§ Question proposed,That the clause stand part of the Bill.
§ 2.41 p.m.
§ Mr. Bruce Douglas-Mann (Mitcham and Morden)On Second Reading I raised the question whether this clause involved a substantive change in the law and whether it was appropriate that such a change should be made in a consolidation measure. I submitted that the insertion of the words:
or part of a statutory periodin subsection (1)(a)involved a change in the law.My hon. Friend the Minister will, I am sure, agree that this is certainly a change from the corresponding provisions of the Housing Rents and Subsidies Act 1975. I understand that the reason for the alteration is to enable the phasing provisions of that Act to operate in the middle of a rental period after the registration of the rent has taken effect and that it is no longer necessary, as would have been the 2131 case under the Housing Rents and Subsidies Act, to defer the implementation of the phasing provisions until the beginning of the next rental period.
I understand that as a consequence of the Avenue Properties case it has now been held that under the Rent Act 1968 it does not prevent a notice of increase coming into effect forthwith when it is subject to the time-lag period of four weeks, notwithstanding that the date that it comes into effect is not the beginning of a rental period.
The contention has been raised with me —I felt it proper to raise it in the Committee—that we are making the Bill accord with the Avenue Properties case and substantively changing the provisions of the Housing Rents and Subsidies Act 1975 so as to enable rent increases to come into effect at an earlier date than they otherwise would have been allowed to do.
The effect of the Avenue Properties case on the Rent Act 1968 is that a notice of increase can come into effect at any time whether it is at the beginning, the middle or the end of a rental period. I feel that that is an extremely unsatisfactory decision on the part of the Court of Appeal. It goes completely contrary to the whole trend of common law, and I submit that it is contrary to the requirements of the Rent Act itself.
It could well be that at a later date the House of Lords will reverse the decision in the Avenue Properties case and we shall be left with changes in substantive law which have been made to take account of a Court of Appeal decision that is exceedingly dubious.
I appreciate that if the change relates only to the phasing provisions it does not affect the provisions relating to the time of the original notice of increase. I would put on record that by making this change we are merely ensuring that the phasing provisions of the Act come into force at the same time as the notice of increase. By this change we are not facilitating earlier increases in rent; on the contrary, we are ensuring, as I now believe to be the case, that there will be a considerable degree of difficulty if we are simply facilitating the earlier implementations of rent increase.
§ The Parliamentary Secrtetary to the Law Officer's Department (Mr.
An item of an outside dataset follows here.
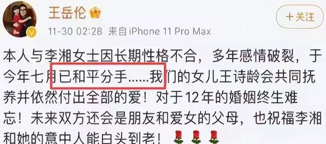 后来王岳伦在社交平台上发布了离婚消息,

Arthur Davidson)Mr. Deputy Chairman, Sir Myer—
§ Mr. DavidsonMr. Deputy Chairman, Sir Myer, and all the rest, my hon. Friend raised this matter on Second Reading. He has done a useful service in doing so. I do not want to encourage my hon. Friend in case he finds other obscure and erudite points to raise. But this is a matter which the Law Commission, the Joint Consolidation Committee and the Legal Departments of both the Department of the Environment and the Lord Chancellor's Office considered carefully.
My hon. Friend's interpretation is correct. Perhaps I can briefly say that when the phasing was drafted the view was taken that the notice of increase served under Section 22 of the Rent Act could not take effect from a date in the middle of a rental period. It was assumed that the phasing provisions were drafted to bite only on rental periods beginning during the period of delay. Nothing was said about what would happen should a notice of increase be served to take effect during a rental period which had begun before that date.
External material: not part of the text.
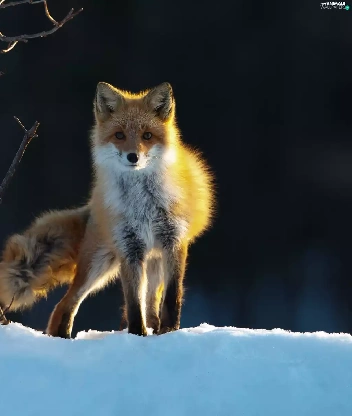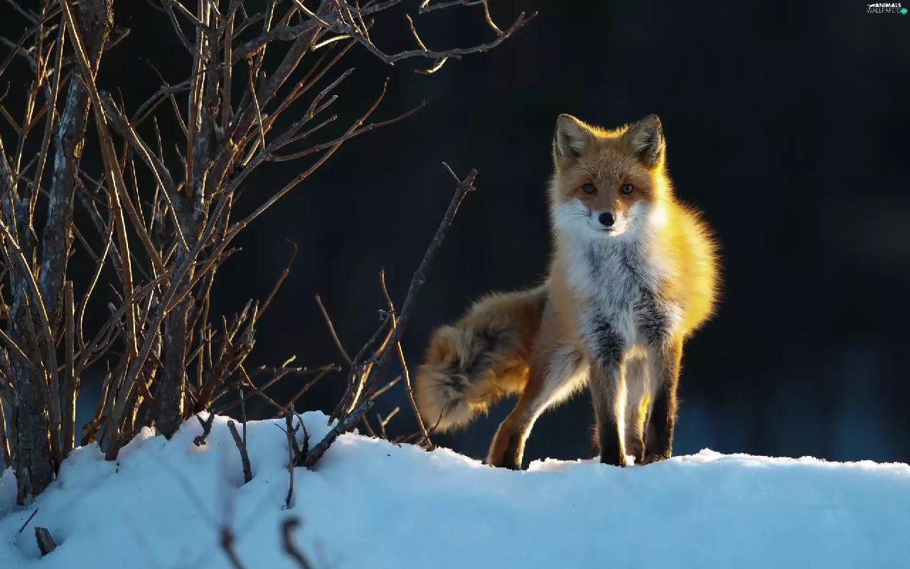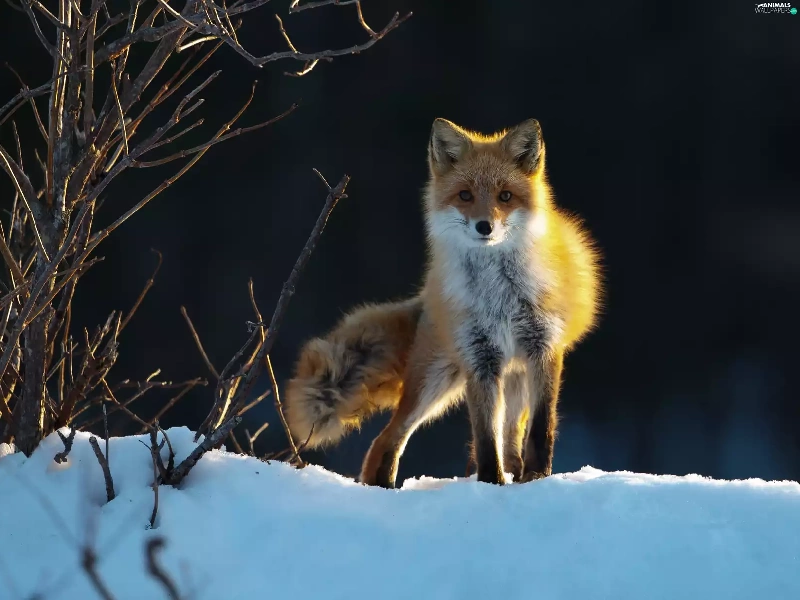 fox, snow, Bushes, winter

The Avenue Properties case, however, has put a rather different complexion on this. Those administering the system thought that the rental period could not be split, but that was wrong. It was considered that the validity of a rent increase subject to phasing was concerned with a notice of increase generally—one served under Section 22(2)(b)of the Rent Act 1968. Since then it has been unclear how phasing rules operate in relation to a period beginning with the period of delay and whether a landlord is entitled to serve notice of such a period subject to the phasing provisions.
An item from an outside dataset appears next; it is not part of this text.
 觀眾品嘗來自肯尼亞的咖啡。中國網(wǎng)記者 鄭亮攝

As my hon. Friend will realise, if the Law Commission recommendation had not been put into effect in the Bill a landlord, for the period before the period of delay—it might be lengthy or short—might have raised the rent to the maximum before the phasing period operated. We would therefore have one period where the rent would be the maximum 2133 before the phasing started. That would clearly be an anomaly and an absurdity, and could possibly lead to unnecessary litigation.
I can tell my hon. Friend that there are comparable phasing rules in Schedule 5 of the Rent (Agriculture) Act 1976. That Act applies to tied cottages. Parliament there took into account the Avenue Properties case. The phasing rules under that Act are made to bite on any period of the tenancy that falls within the period of delay. To have that Act saying one thing and the general Rent Act saying another would also be an anomaly
I hope that my hon. Friend is satisfied that on balance it is correct that the Law Commission recommendation should be carried into effect in the Bill.
§ Question put and agreed to.
§ Clause 55 ordered to stand part of the Bill.
§ Clauses 56 to 96 ordered to stand part of the Bill.